TSDS was developed in part to make large statistical analysis problems easier. I encourage you to use some of the it saves you to verify that the transcription of data from the orignial source matches what is in TSDS. Many spot checks have been made to verify that TSDS data matches the original data files. However, errors can occur if the original data files have nonuniformities. Many nonuniformities have been corrected and are noted in the comments of the .m and .pl files in the subdirectory ./make_fns.

TSDS would not be possible without data providers who provide easy access to their data sets and have generously given permission (or have been allowed to given us permission) for their data to be available through TSDS. We have made extended efforts to obtain permissions from original data providers. It is important that you acknowledge the original data sources if you present or publish results based on their data; in many cases their continued funding depends in part on evidence that their data is actually used. The metadata of the TSDS files contain information about how the data sources prefer to be acknowledged and when you call a data set this acknowledgment information is printed to screen.

Getting Started

First, follow the download, install, and startup directions in the "Download" section. See the FAQ for a list of all data that is available through TSDS.

To extract a data set from the TSDS data base, only the time series name is required. To list all of the available time series (this may take a while), type

>> ts_list
To list only time series names that contain the string "FMI", type

>> ts_list('FMI')
(The directory contains subdirectories with names that correspond to the data source, i.e., "FMI", and "CDAWeb". Use these strings with ts_list to restrict the list to a given data source.)

To get all of data associated with the time series named "OUJ X (FMI 1-min)", type

>> A = ts_slice('OUJ X (FMI 1-min)'); 
To get all of the metadata associated with the time series named "OUJ X (FMI 1-min)", type

>> A_info = ts_get('OUJ X (FMI 1-min)')
(The absence of a ";" at the end of the above command tells the interpreter to list the output to the screen.)

To view elements 20-100 of array A, type

>> A(20:100)
To save the array A to a text file, type
>> save -text A.txt A
To determine the location and size of this file, type
>> pwd ; ls -lh
To get data in a time interval (say, during the Halloween Storms), type

>> A = ts_slice('OUJ X (FMI 1-min)',[2003 10 29],[2003 11 1]); 
The demos ts_get_demo.m and ts_slice_demo.m in the directory time_series_fns can be modified with any text editor and executed from the Octave or Matlab command line.

Creating a Data Set

You can insert your own time series into your TSDS data set so that it can be called using the ts_* functions. To do this, edit the text file [tsds_create.m] and [tsds_create_meta.m]. After editing, type tsds_create at the command line.

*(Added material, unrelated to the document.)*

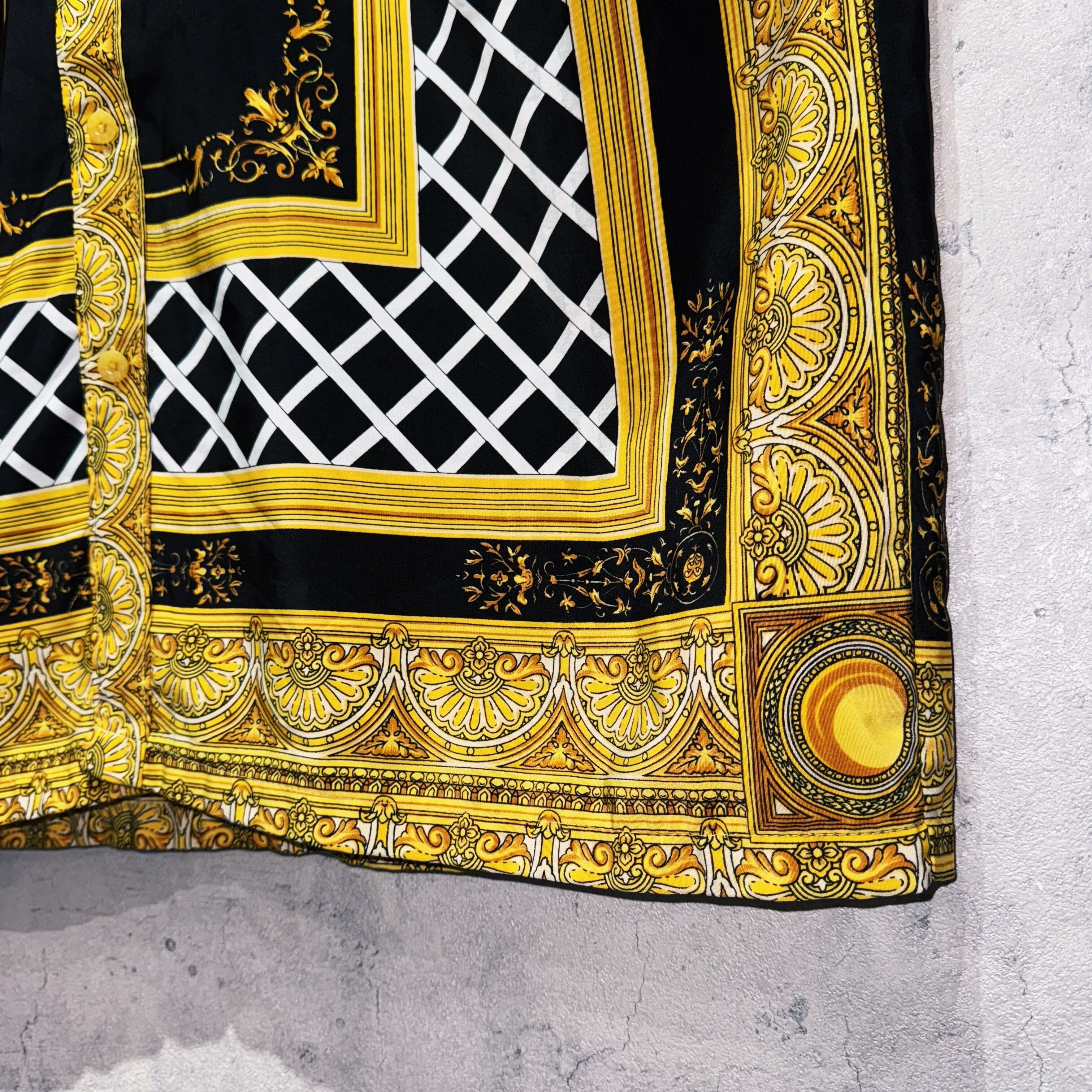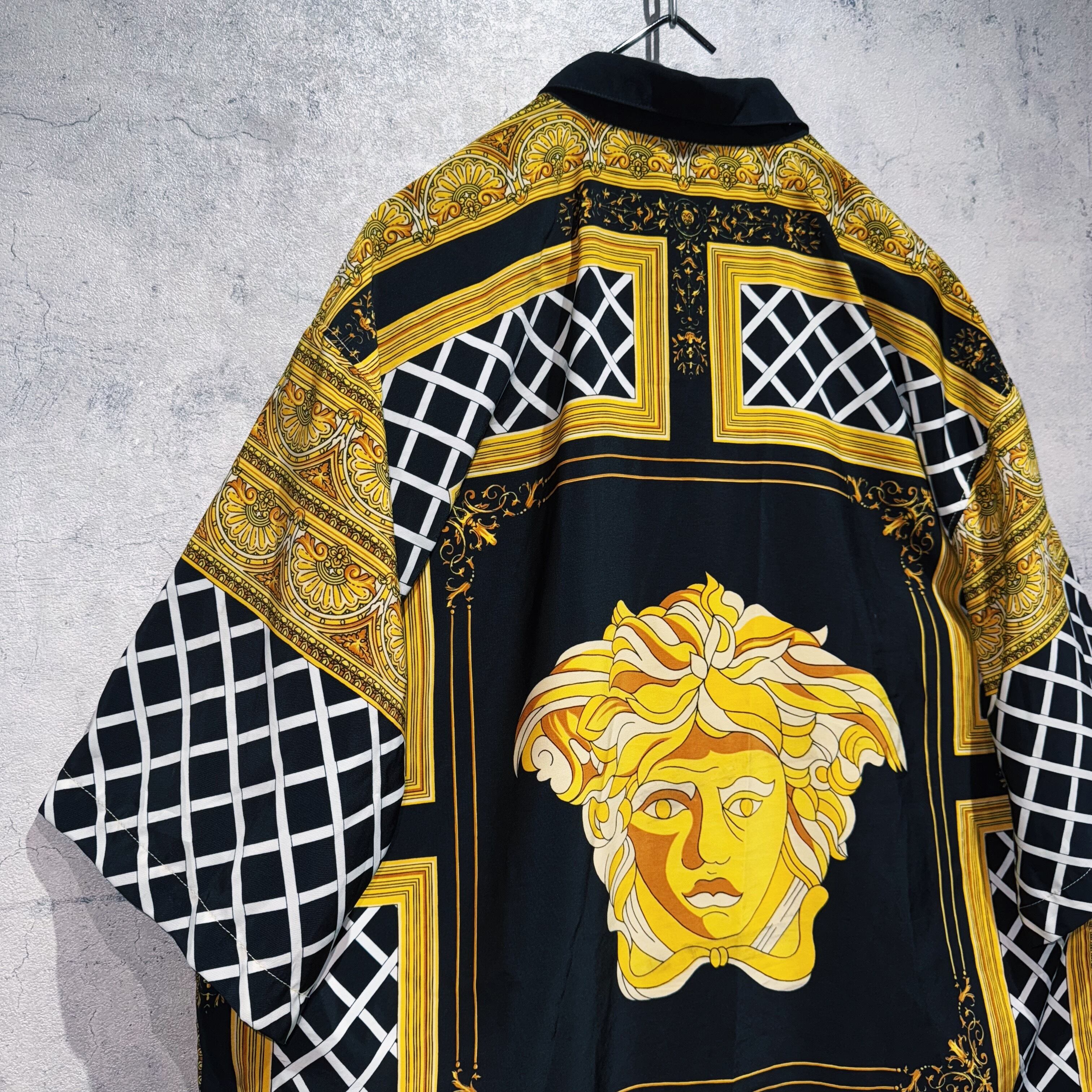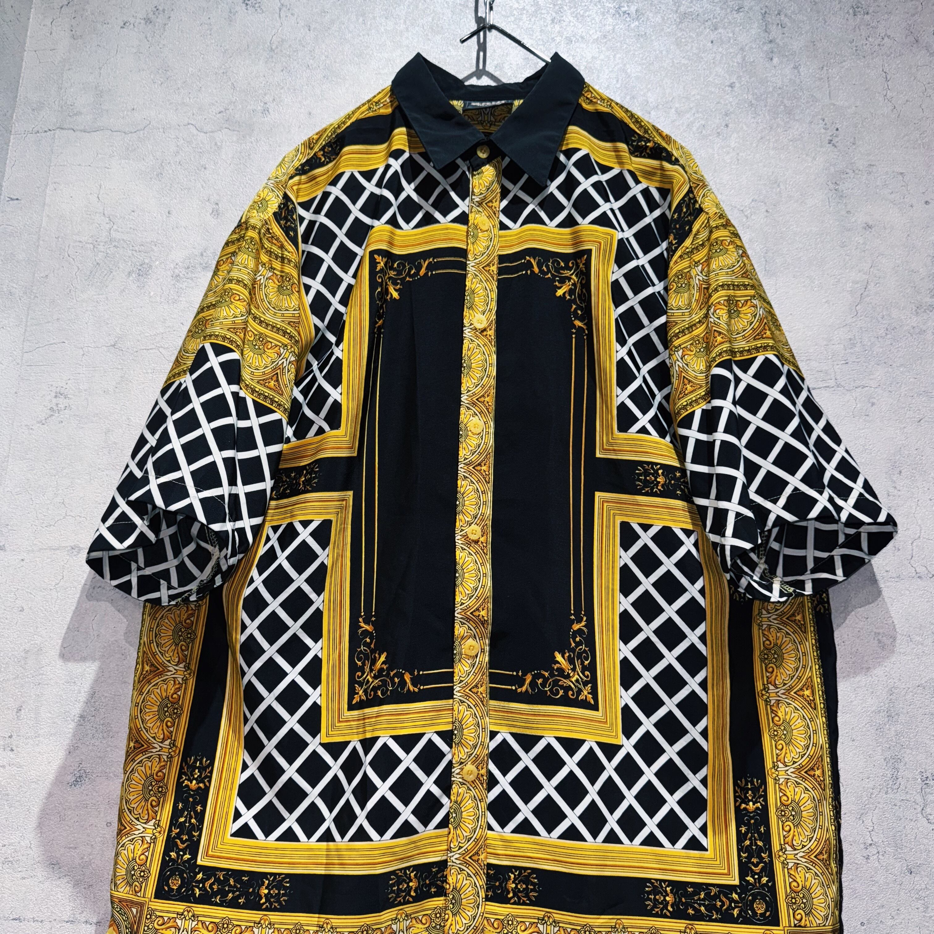 "HERMES"や"VERSACE”などでも採用されているバロック柄に加え、背面には圧倒的な存在感を放つメデューサヘッドを載せたラグジュアリーな半袖シャツ。モノトーン×ゴールドのカラーリングは品格があり圧巻…

Also see the demo program [ts_insert_demo.m] for a more advanced example. Type which ts_insert_demo to see the location of this file.

How TSDS data files are created

All of the data available through TSDS have the data + code available that is required to make the final data file. For examples of how to do this, see the subdirectories of the directory make_fns/. The programs in these subdirectories (1) auto-download the data from the data provider (using wget), parse the data sets and put them into the TSDS format, add metadata, and create the final set of files that are read with calls to ts_list, ts_get, and ts_slice. To run some of these programs you will need Perl. They should work without problem on Unix systems where perl is located in /bin. On Windows you will need to find the location of a perl binary (usually one is distributed with Matlab) and edit the TSDS_PERL variable in TSDS_GLOBALS.m

Contributing/Sharing a Data Set

This program was made with the eventual goal of facilitating data sharing between scientists. Ideally there will be two ways to contribute data. Method 1 is best for data sets that are derived from files that are not readily available from a ftp or http server. Method 2 is best for data files that are available on a ftp or http server and for data sets that will need to be updated. This method is used for all data sets that are a part of the main TSDS distribution.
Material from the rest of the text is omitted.